See also State v. Kolander (1952), 236 Minn. 209, 52 N.W.2d 458, (introduction of evidence that defendant refused to take test reversible error); Mills v. People (1959), 139 Colo. 397, 339 P.2d 998; but see Stallings v. Commonwealth (Ky. 1977), 556 S.W.2d 4 (mention by police officer in testimony that defendant had refused to take lie detector test constituted error, rendered harmless by admonishment of jury on objection).

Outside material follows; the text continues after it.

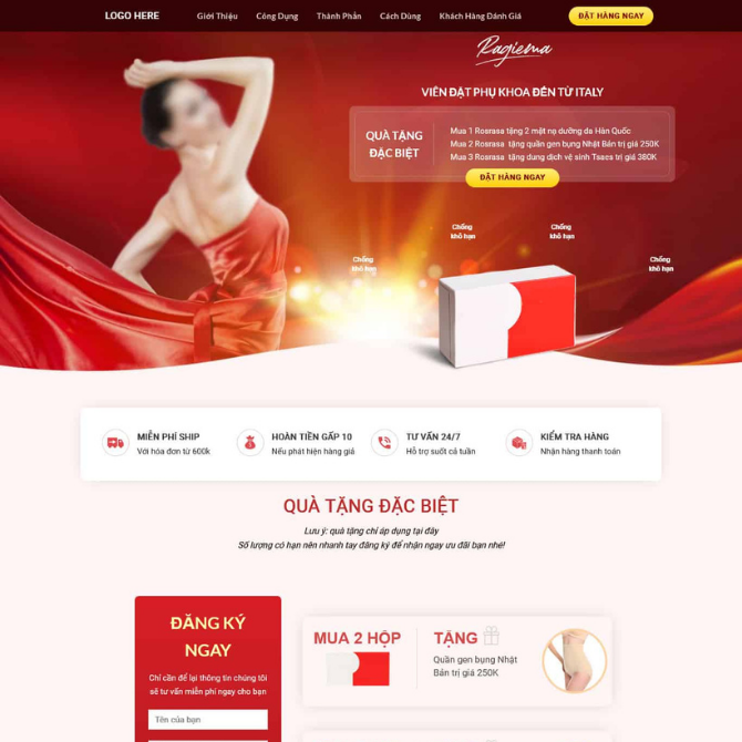 Với bố cục tập trung bán hàng và kêu gọi hành động rõ ràng. Website Landing Page Dịch Vụ Phụ Nữ phù hợp cho cá nhân và doanh nghiệp cung cấp sản phẩm hoặc dịch vụ dành cho phái nữ cần một giao diện landing page chuyên nghiệp để triển khai chiến dịch quảng cáo và bán hàng.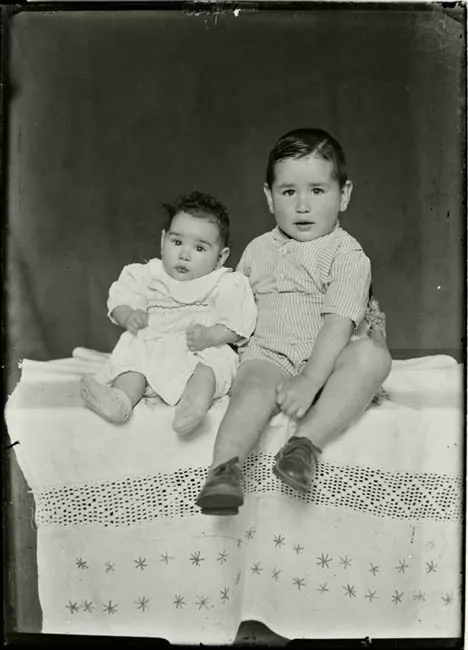 Imagen digitalizada a partir de negativo en placa de vidrio de formato rectangular y disposición horizontal. Composición en base a cuerpo casi completo de dos figuras masculinas infantiles sedentes sobre superficie en altura, cubierta por tela en tono gris con diseño. Se encuentran al centro de la imagen en primer plano y ambos miran hacia la cámara.

In Moore v. State (1977), 267 Ind. 270, 369 N.E.2d 628, the Indiana Supreme Court held there was no error in the trial court’s granting the State’s motion in limine to prohibit the defendant from testifying that he had offered to take a polygraph test. The court stated that references by witnesses or counsel to the results or administration of polygraph tests, direct or indirect, are inadmissible, and motions in limine are proper in respect to such references. The court reasoned that a defendant’s offer to take a polygraph test would not be probative of either his innocence or his credibility. See also State v. Emery (1975), 218 Kan. 423, 543 P.2d 897 (court not obligated to admit evidence of defendant’s willingness to submit to polygraph test); Commonwealth v. Saunders (1956), 386 Pa. 149, 125 A.2d 442.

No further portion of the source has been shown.